Chapter 6 The Italian Job
The Italian Job
Jax
The room smells like money and chemical warfare.
Specifically, it smells like cedar and a cologne so aggressive it’s probably illegal in three countries. I am standing on a velvet pedestal in the middle of the Upper East Side, wearing nothing but my boxer briefs and a layer of cold sweat.
Giovanni, the eighty-year-old master who dressed three popes and my future father-in-law, is gone.
He has retired to a villa in Tuscany. And honestly?
I miss him. Sure, Giovanni used to stab me with pins and tell me I had the "proportions of a vending machine," but compared to his son, the man was a saint.
At least Giovanni gave me espresso before he insulted my deltoids.
In his place is Enzo.
Enzo is thirty, wears a suit that defies the laws of circulation, and is currently looking at me like I’m a pile of medical waste he found on his pristine floor.
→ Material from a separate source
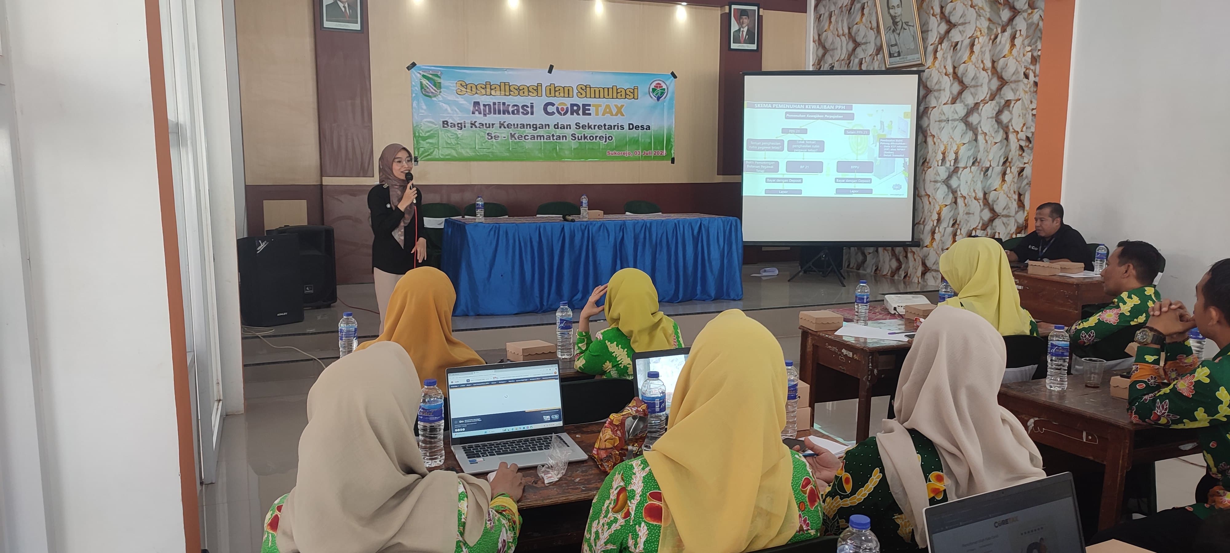 Kantor Pelayanan, Penyuluhan, dan Konsultasi Perpajakan (KP2KP) Bangil menggelar sosialisasi sistem perpajakan terbaru kepada para kepala urusan keuangan dan sekretaris desa se-Kecamatan Sukorejo, Kabupaten Pasuruan (Jumat, 4/7). Kegiatan ini berlangsung di Kantor Kecamatan Sukorejo dan dibuka langsung oleh Camat Sukorejo, Yudianto.

"Disgusting," Enzo murmurs.
He’s circling me, holding a tape measure with two fingers like it’s contaminated. He stops at my chest, sighs, and shakes his head.
"My father was too kind," Enzo whispers. "He called you a vending machine. But this? This is not a vending machine. This is a... how you say... a panic room made of meat."
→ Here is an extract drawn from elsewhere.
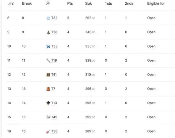 48支队伍经过三天激烈角逐,根据队伍积分和辩手得分,产生了16强队伍,名单如下:
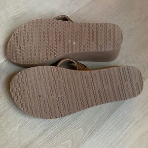 Small indentation in foam in front of left sandal as pictured.

"I’m a trauma surgeon," I snap, resisting the urge to step off the pedestal and strangle him. "I lift patients. I do chest compressions. It’s called muscle, Enzo. It serves a function. Unlike your shoes."
"It is vulgar," Enzo corrects me, ignoring the jab at his loafers. "It is peasant geometry. You are all obtuse angles. How am I supposed to drape a morning coat over a retaining wall? The fabric, it weeps. It cries for mercy."
He turns away, pressing a hand to his forehead like a tragic heroine in a telenovela.
"I need an espresso. And a Xanax. This torso is a hate crime against tailoring."
He spins back around, glaring at my shoulders.
"My father warned me about you," Enzo whispers, his eyes narrowing. "He said, 'Enzo, beware the Trauma Surgeon. He does not wear the suit; he fights the suit.' And yet, knowing this, I still find myself in terror. You are going to pop a seam during the vows. I can feel it. It will be a tragedy."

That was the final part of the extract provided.